To collect a blood specimen, follow these steps for venipuncture:
(1) First, clean the skin at the venipuncture site with 70% alcohol (prepared with sterile distilled water).
(2) Then, swab with tincture of iodine. For those allergic to iodine, use 70% alcohol again, ensuring to swab from the center outward.
(3) Temporarily cover the area with cotton soaked in 70% alcohol.
(4) Apply a tourniquet to the upper arm, not too tight, and ask the patient to repeatedly open and close their fist.
(5) Remove the cotton, use a 20 or 21 gauge needle with a 10ml syringe to draw 10ml of blood. For infants or children, draw only 1-5ml.

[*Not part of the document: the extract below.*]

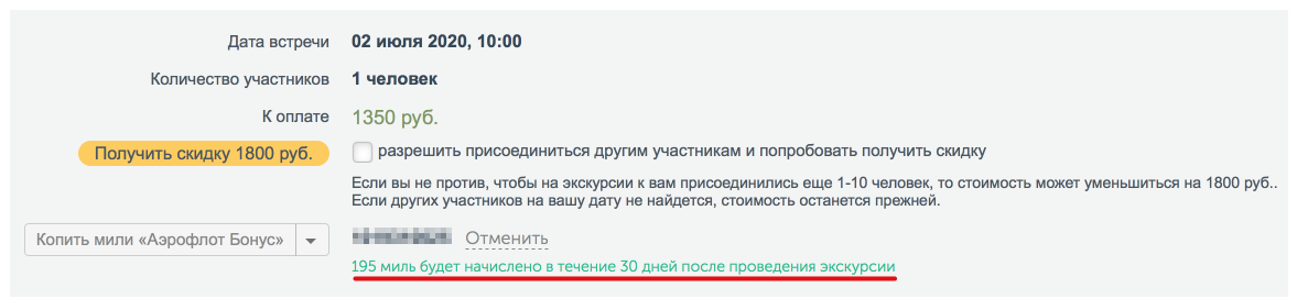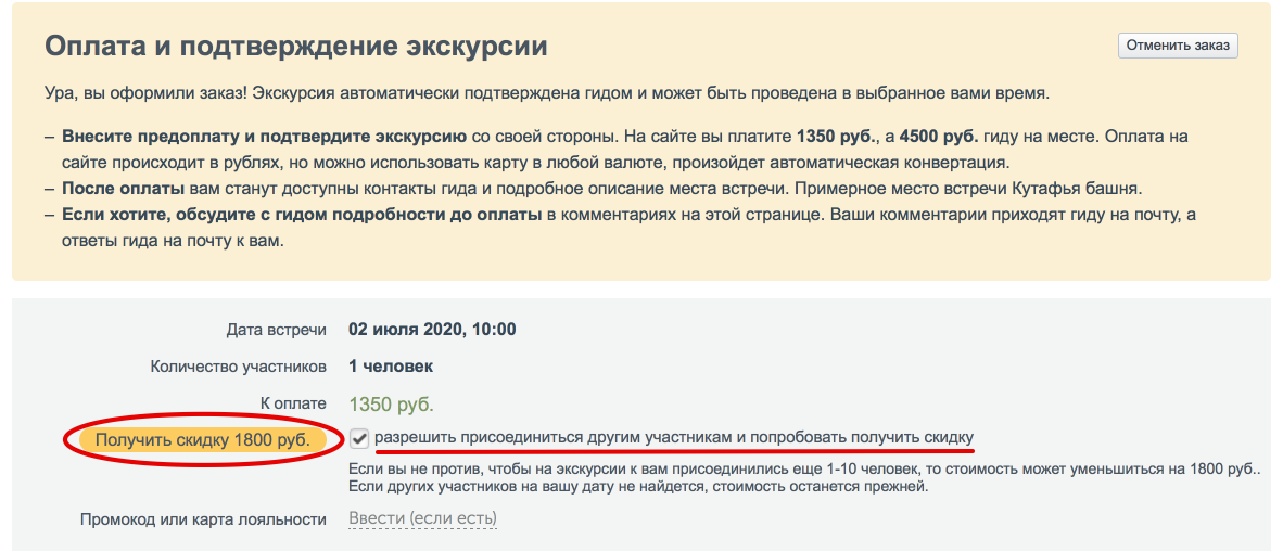 Есть опция сэкономить на индивидуальной экскурсии, разделив расходы с другими возможными её участниками. Поставив эту необязательную галочку, ты выражаешь согласие на то, что к экскурсии могут присоединиться другие люди. С этого момента экскурсия обретает формат «мини-группы». Это никак не влияет на размер предоплаты и не гарант того, что скидка применится. Но, ежели на ту же дату и время найдутся и другие желающие, то получиться сэкономить около 30%. Что, в общем-то, неплохо. Если нет, то стоимость останется прежней.

(6) Directly inoculate the specimen into appropriate culture media [such as tryptic soy broth and thioglycollate medium or standard blood culture bottles].


2. Urine Specimens

Urine specimens are usually collected using the clean-voided method. Before collection, the urethral opening should be cleaned with soap and water (patient education is necessary; currently, most major hospitals do not emphasize this requirement for urine collection). Discard the first part of the urine stream, collecting the mid-stream or near-end stream in a sterile container. Catheterization for urine collection (especially for female patients) should be avoided unless necessary, as it can lead to urinary tract infections. The collection method must be noted on the lab form, along with any recent antibiotic treatment. These two points should be included on the test requisition form. If the specimen cannot be transported or cultured immediately after collection, it should be refrigerated (4-8°C) for no more than 6 hours. Urine specimens are not used for gonorrhea testing.

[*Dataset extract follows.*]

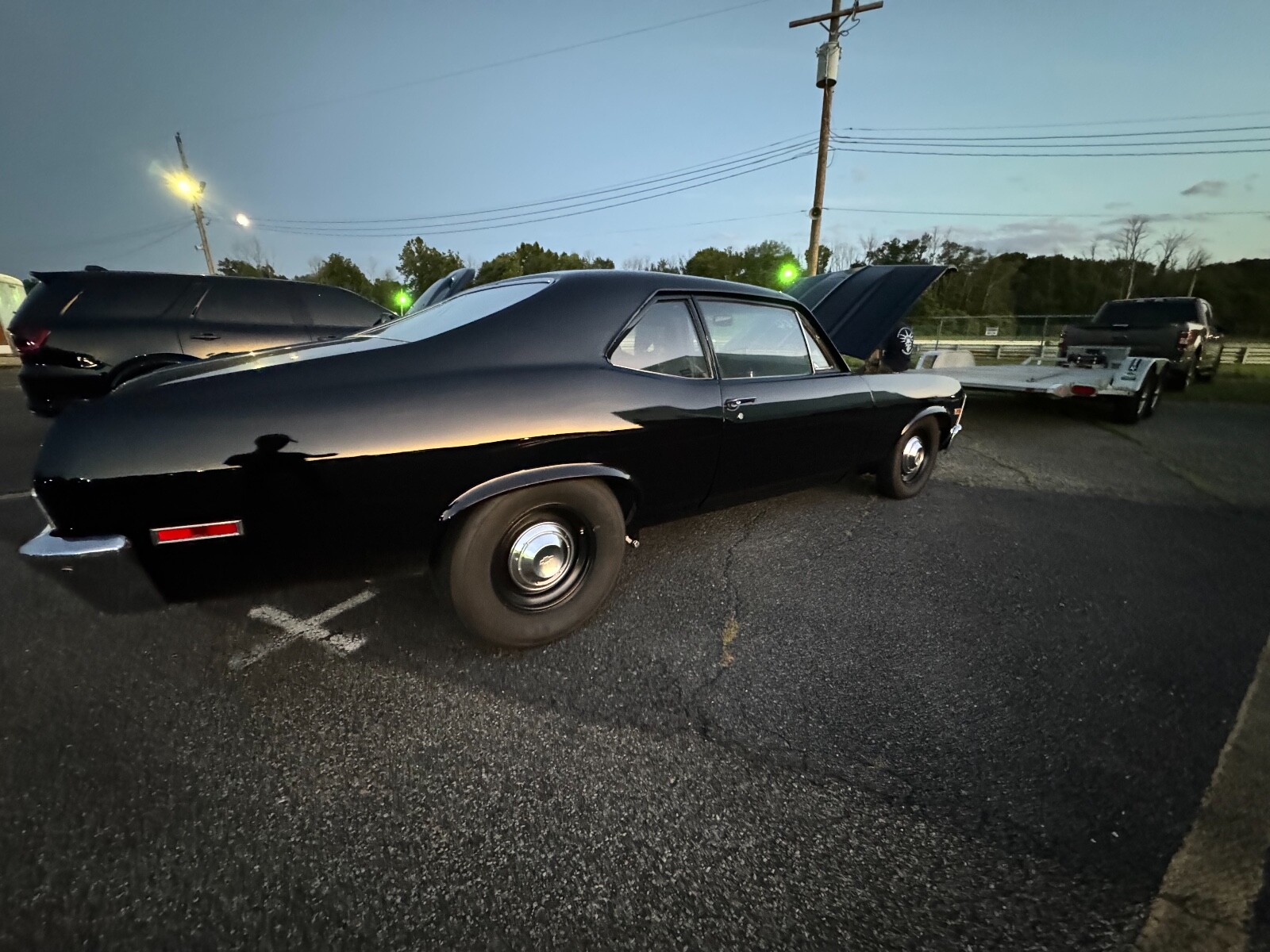 I'm selling my 1972 nova, this car was built within a year ago and everything is new. This is 100% a street car that runs on pump gas and you could drive it anywhere. The drive train is a Dart block built to a 516 cubic inch with 10:1 compression that makes 650 hp on a dyno with an under carbureted 750 cfm I added a 950 and it woke up nicely. It has an FB 400 tranny reverse manual with a tranny brake and a 8" converter with a 5000 stall converter that is very streetable. The rear has strange axcles 32 spline c clip eliminators with a 4 series carrier and 373 gears. The tank is from tanks incorporated with electric pump in the tank. The rear has a 9 way adjustable shocks with cal track split leaf and sliders, and no shackles and works extremely well!! This car on the parkway runs and drives very nice. The ignition is an MSD with delay box and is all tucked in the glove box nice and neat. The front has QA1 coil overs with adjustable shock. You can set the front end to any hight if you want to put a set of rally wheels on it for that stock look. It has wellwood disc brakes up front with drum in the rear. The body is not mint but very nice! It's never been wet sanded or polished and looks very nice. It has new full quarters, outer wheel houses, tail panel, intermediate panel, 2" cowl hood, trunk pan by previous owner does not look bad and can use a good detailing. the wheels are 15x8 with M/T 275/60/15 and the front are 15x3 1/2 with M/T 26". The rims are weld wheels with custom clips to hold the dog dish caps. The interior has a custom powder coated roll cage that is completely removable and you would never know it was there. The seats are very comfortable and recline back. Tiger cage makes a cage very similar for $3,500. The exhaust has hooker headers with 3" all the way back that sounds very good. I'm sure I"m forgetting a lot so if you has any questions please ask. Due to the age this is being sold as is. Please do not hit the buy now unless you are able to send a non refundable $500. deposit at that time. These auctions take time and cost money. Thank you for looking

3. Genital Tract Specimens

Genital tract specimens should be collected using two sterile swabs, taken separately, for direct smear preparation. For menstruating or adult women, smears should be taken from the urethra, cervix, or rectum (if gonococcal infection is suspected). For young girls suspected of having gonococcal vulvovaginitis, specimens should be taken from the outer vaginal area. For men suspected of acute gonorrhea, specimens should be taken from the urethra for smear and culture. For suspected chronic gonorrhea, specimens may be taken from the prostate or seminal vesicles by a physician.

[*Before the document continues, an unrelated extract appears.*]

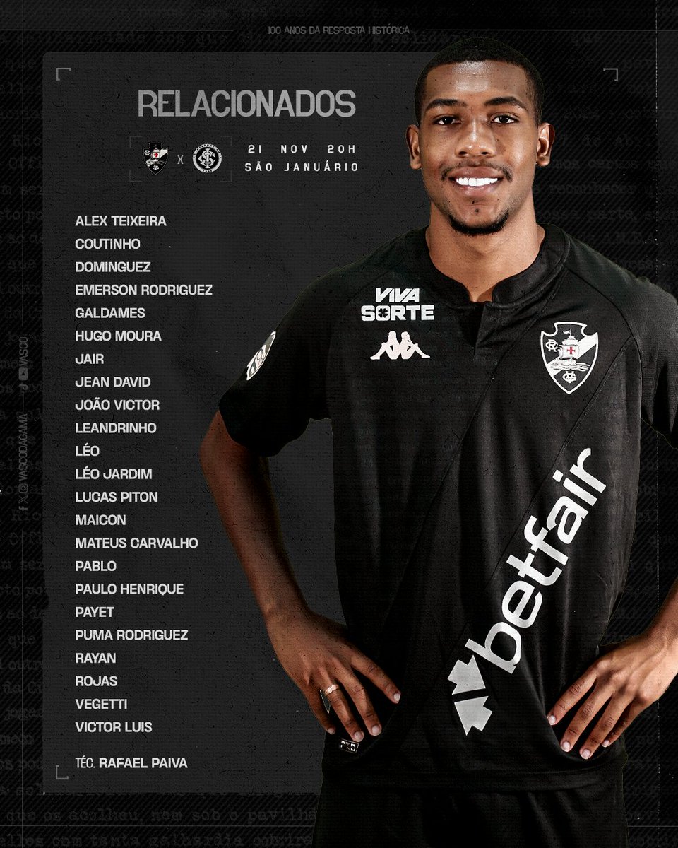 📋 Relacionados para o confronto com o Internacional em São Januário! 💢

Swab specimens can be directly inoculated onto appropriate media [such as chocolate agar and modified Thayer-Martin agar], or placed in special transport media/devices (containing CO2 and modified Thayer-Martin agar). Refrigerated isolation or transport media should be brought to room temperature or 35°C for about half an hour before use, as Neisseria gonorrhoeae is temperature-sensitive. Chocolate agar should contain IsoVitaleX or supplement B to increase isolation rates. For prenatal Group B Streptococcus (GBS) screening at 35-37 weeks of pregnancy, genital swabs can be directly placed in GBS selective broth or LIM selective enrichment broth to increase GBS isolation rates.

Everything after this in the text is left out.